My question is, how do I decide the parameter values for gamma if I want to use weakly informative priors. Is gamma(2,0.1) reasonable or should I use gamma(2,0.5) or maybe something completely different?

We typically refer to weakly informative priors in terms of containment. We chose a scale, s, and then define a prior that places most of its probability mass between -s and s if the parameter is unconstrained or 0 and s if it’s constrained to be positive.

Arguably boundary-aversion is additional information that pushes the prior into more fully informative territory, but nobody has really defined these words so don’t let the vocabulary be a distraction. The point is that a boundary-avoiding prior needs two scales – a lower scale that indicates how far away from zero is reasonable and an upper scale that indicates how close to infinity is reasonable.

Given those two scales you can then construct an appropriate prior that places most of its probability mass in between. For an example see Section 4 of https://betanalpha.github.io/assets/case_studies/gp_part3/part3.html.

My recommendation would be the PC prior on the over-dispersion parameter. It can be found here. rejoinder.pdf (236.0 KB)

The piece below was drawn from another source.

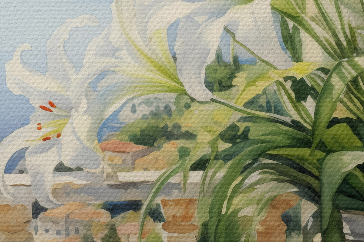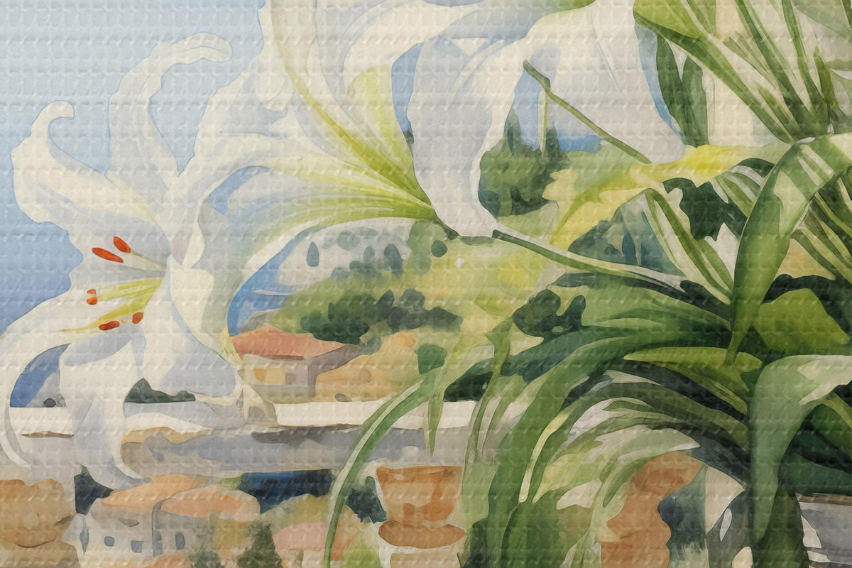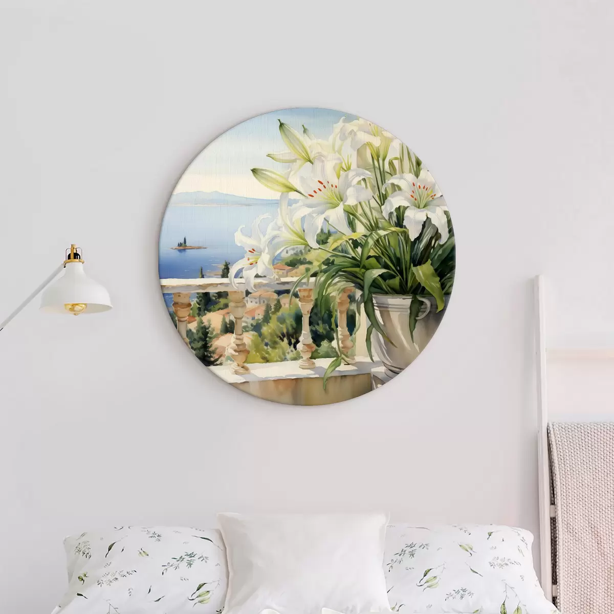 Runde Wandbilder Weiße Lilien in einem Topf auf einem Balkon vor dem Hintergrund der Bucht Aquarell r39932

R-code for the log-density:

INLA::inla.pc.dgamma function (x, lambda = 1, log = FALSE) 
{
    inv.x = 1/x
    d = sqrt(2 * (log(inv.x) - psigamma(inv.x)))
    ld = -lambda * d - log(d) + log(lambda) - 2 * log(x) + log(psigamma(inv.x, 
        deriv = 1) - x)
    return(if (log) ld else exp(ld))
}

This is the default in INLA and it’s worked quite well in applications.

2 Likes

Or, as @betanalpha suggested, use a prior that has a light left tail and a heavy right tail. An inverse-gamma or a NIG is often a good substitute (even if you do have to work harder to find well-calibrated parameters)

Thanks @betanalpha. Is there any consensus about what two scales are reasonable to use for the dispersion parameter of a negative binomial? This is the first time I try to fit this type of model with Stan so I honestly have no clue what are reasonable values.

I noticed that you use a check_all_diagnostics function in your code. Where can I get that function?

Thanks @anon75146577. Any chance that you can share some stan code that shows how to implement this?

If I use phi ~ inv_gamma(alpha, beta), what values would you recommend for alpha and beta?